Source: http://www.zeiss.de/C12567A100537AB9/Contents-Frame/1C0E32851722D09241256A79002A2CA7
Slightly more expensive than the 2/28, which is no surprise.

A few noisy pics can be found at the Zeiss blog: http://blogs.zeiss.com/photo/en/?p=999


----------



## telephonic (Oct 27, 2011)

Knew this announcement from dpreview and stopped for God-knows-how-long at the price. At 1217 EUR, it's quite cheaper than EF 24 1.4L II. At least I know now that AF motor, and an additional stop might cost around 500 GBP.


----------



## AprilForever (Oct 27, 2011)

Alas, am not interested... is this more for full-frame users?


----------



## noisejammer (Oct 28, 2011)

I'd not classify any EF lens as being exclusively intended for a particular sensor size, although being manual focus it's a fair bet that this will be something of a niche product. I use a number of ZE lenses and they're really suited to slow, considered, deliberate photography.... Others with a sharper eye might use them routinely on moving subjects.

In any case, the apparent field of view would match either a 32 or 40 mm lens mounted on a full frame camera (1.3 or 1.6 crop respectively.) In my experience, these are very useful fields. I've looked at the distortion and mtf plots - the centre of the field is almost distortion free and it's sharp....

All looks promising. If it equals the performance and 3D feel of the ZE 2/35, it will be a stunner... at the quoted MSRP it had better be.


----------



## recon photography (Oct 28, 2011)

looking good 8), still i do like my auto focus


----------



## dr croubie (Oct 28, 2011)

AprilForever said:


> Alas, am not interested... is this more for full-frame users?



I'm very interested, and i'm an APS-C user (7D).
as NJ said, on a 1.6x crop APS-C, its FOV is the same as 40mm on FF, which is a bit in "no-man's land" traditionally. Still, affordable fast primes with decent IQ are thin on the ground in this area (canon's 24/35 1.4 Ls are too expensive, sigma's 20/24/28 1.8s and 30/1.4 aren't so good IQ, even canon's 28/1.8 and 35/2 aren't the best and they're really old). Samyang's 35/1.4 is the only standout for the price, but no AF or even EXIF data.
Too bad this one's a zeiss, so price-tag will probably match.

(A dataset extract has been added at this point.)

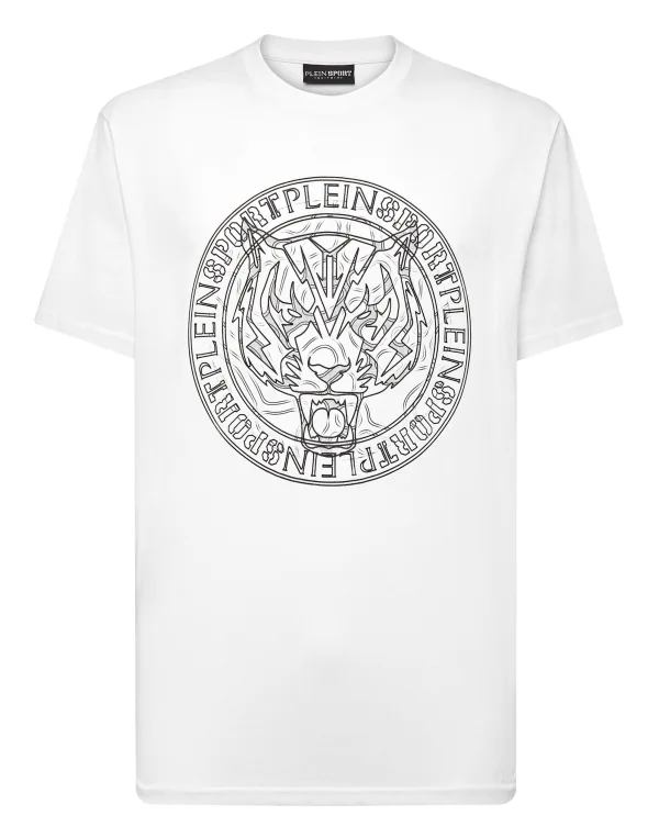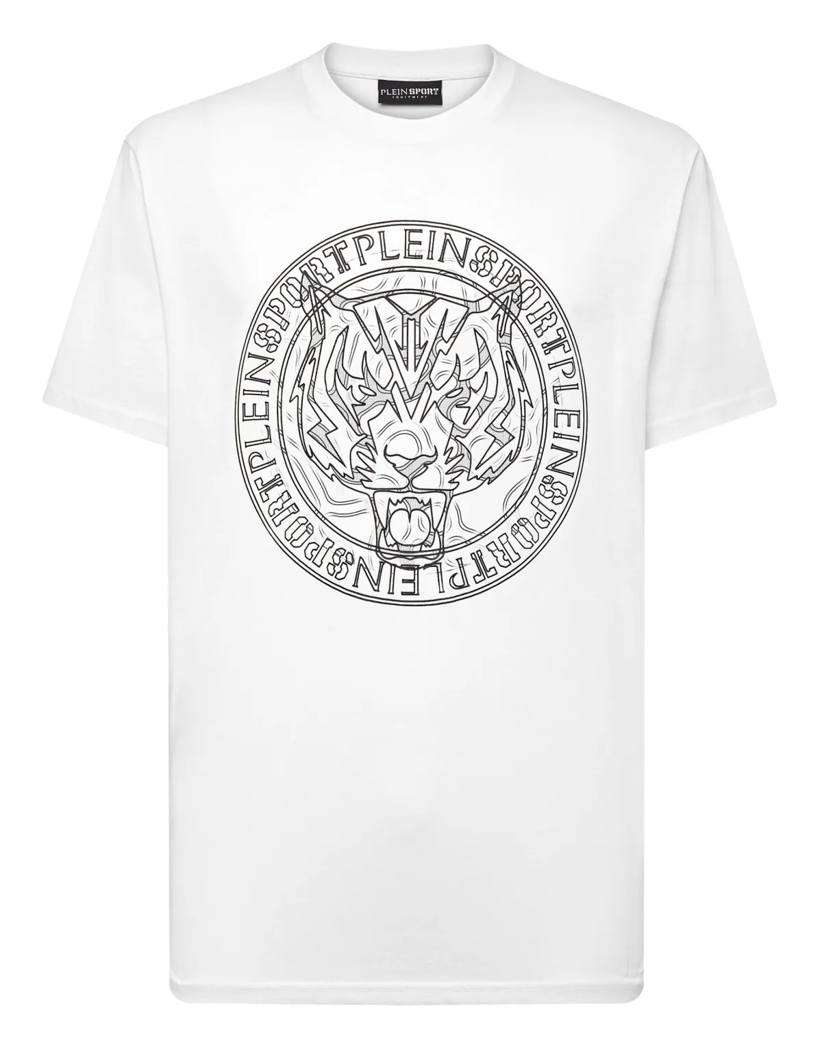 Plein Sport geeft je de kans om ook op te vallen terwijl je hard traint. Bekijk dit nieuwe T-shirt met de iconische Brand-elementen. Maximaal comfort dankzij de natuurlijke soepelheid van katoenjersey Merk- en tijgerprint op de voorkant Rubberen Tiger-patch op het juk Ribgebreide hals Tweedraads gestikte zomen

But if it gives IQ in the range of the TS-E 24v2 at half the price, it could pick up a lot of customers...


----------



## Edwin Herdman (Oct 28, 2011)

Given how much dancing around the topic of chromatic aberrations the press release does, I'm hard pressed to believe it's an apochromatic lens.

Seems like overkill on APS-C to end up with a slow ~40mm lens.

Can't get over how little those sample photos do for the lens - ugly, noisy, and as most of the frame is black it's impossible to judge some of the salient features people will care about, like vignetting, edge sharpness, and even the chromatic aberrations, I think.

Which is not to say that it doesn't look like a quality lens - my only quibble here is really with the poor marketing job. Least convincing curtain-pulling in some time (especially since it seems like the curtain is still there, in regard to the sample photos).


----------



## AprilForever (Oct 28, 2011)

Edwin Herdman said:


> Seems like overkill on APS-C to end up with a slow ~40mm lens.



My thoughts exactly. Sigma 30 1.4 - 1 stop faster, close in focal length. And has autofocus! is it as sharp? Assuredly not, but also whale loads cheaper (and more useable). 

Maybe this is more appealing to the video crowd (I'm sure its focus should be pretty well-damped, and easier than most autofocus lenses)...

EDIT: Spelling and computation errors!


----------



## Fandongo (Nov 3, 2011)

Zeiss lenses feel awesome for video.
Canon L's are fairly close, and i like how it doesn't have a super hard stop at the end.
Zeiss = amazing bokeh
Canon = crazy sharp
AF drive for follow focus... The USB ones blow (seem to stutter a bit)
Canon has refused to acknowledge the potential...continuous AF in new 1d/5diii?
Continuous AF was an experimental feature in an old 550d ML update in March, it wasn't perfect and would pass the focus point/not know exactly where to focus, but still worked incredibly well on a glidecam.
Incredible potential made me buy canon.
If that potential is never pursued, i may regret not going zeiss.
But if it's going to be heavy and expensive anyway, why not make it 1.4?


----------